§ **Work item**: The reply is a verbatim copy of the listing below with its images dropped.

§ **Dataset extract**:
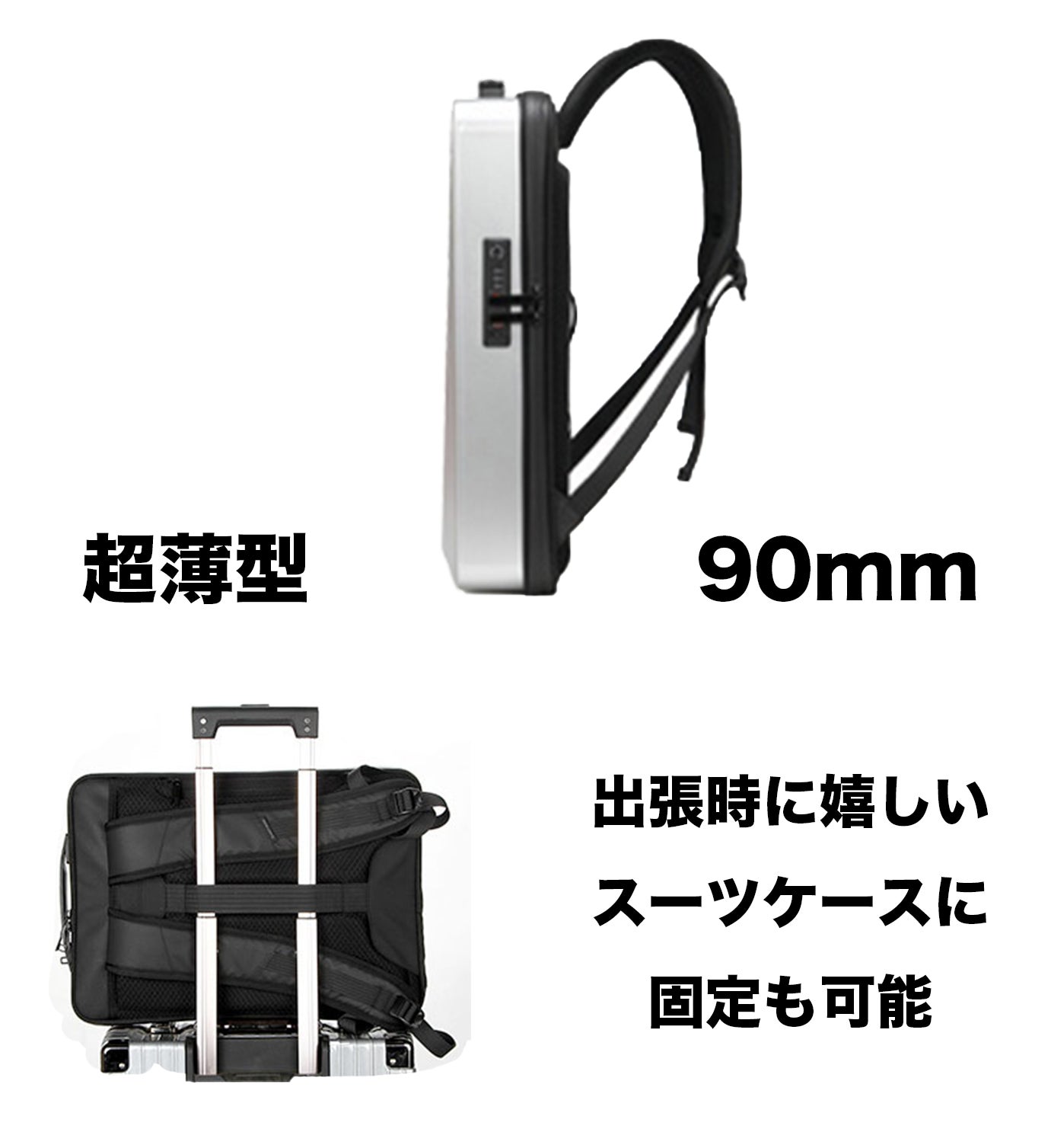 満員電車の中でも邪魔にならない薄さです。また、スーツケースに固定することができる点も出張や旅行時に助かるポイントです。
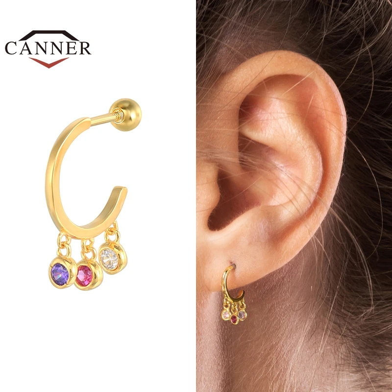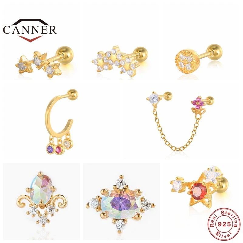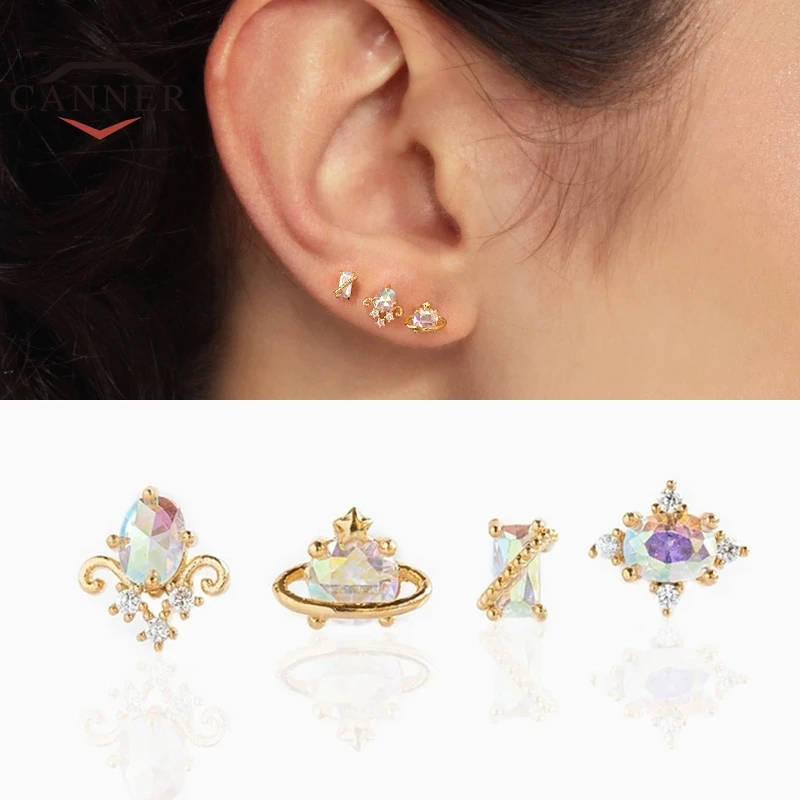 Женские серьги-гвоздики CANNER, маленькие серьги из серебра 925 пробы с радужным бриллиантом и цирконием, Ювелирное Украшение
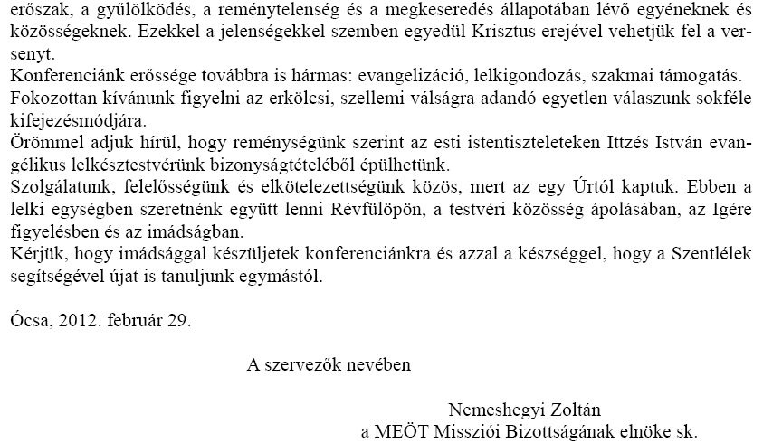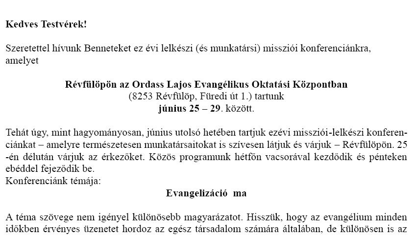 A Mezőföldi Református Egyházmegye lelkipásztorainak, gondnokainak, presbitereinek, gyülekezeteinkben élő testvéreinknek és minden olvasónak Krisztus szabadító kegyelmében gazdag Mennybemenetel ünnepet kívánunk.

§ **Completed task**:
 満員電車の中でも邪魔にならない薄さです。また、スーツケースに固定することができる点も出張や旅行時に助かるポイントです。
 Женские серьги-гвоздики CANNER, маленькие серьги из серебра 925 пробы с радужным бриллиантом и цирконием, Ювелирное Украшение
 A Mezőföldi Református Egyházmegye lelkipásztorainak, gondnokainak, presbitereinek, gyülekezeteinkben élő testvéreinknek és minden olvasónak Krisztus szabadító kegyelmében gazdag Mennybemenetel ünnepet kívánunk.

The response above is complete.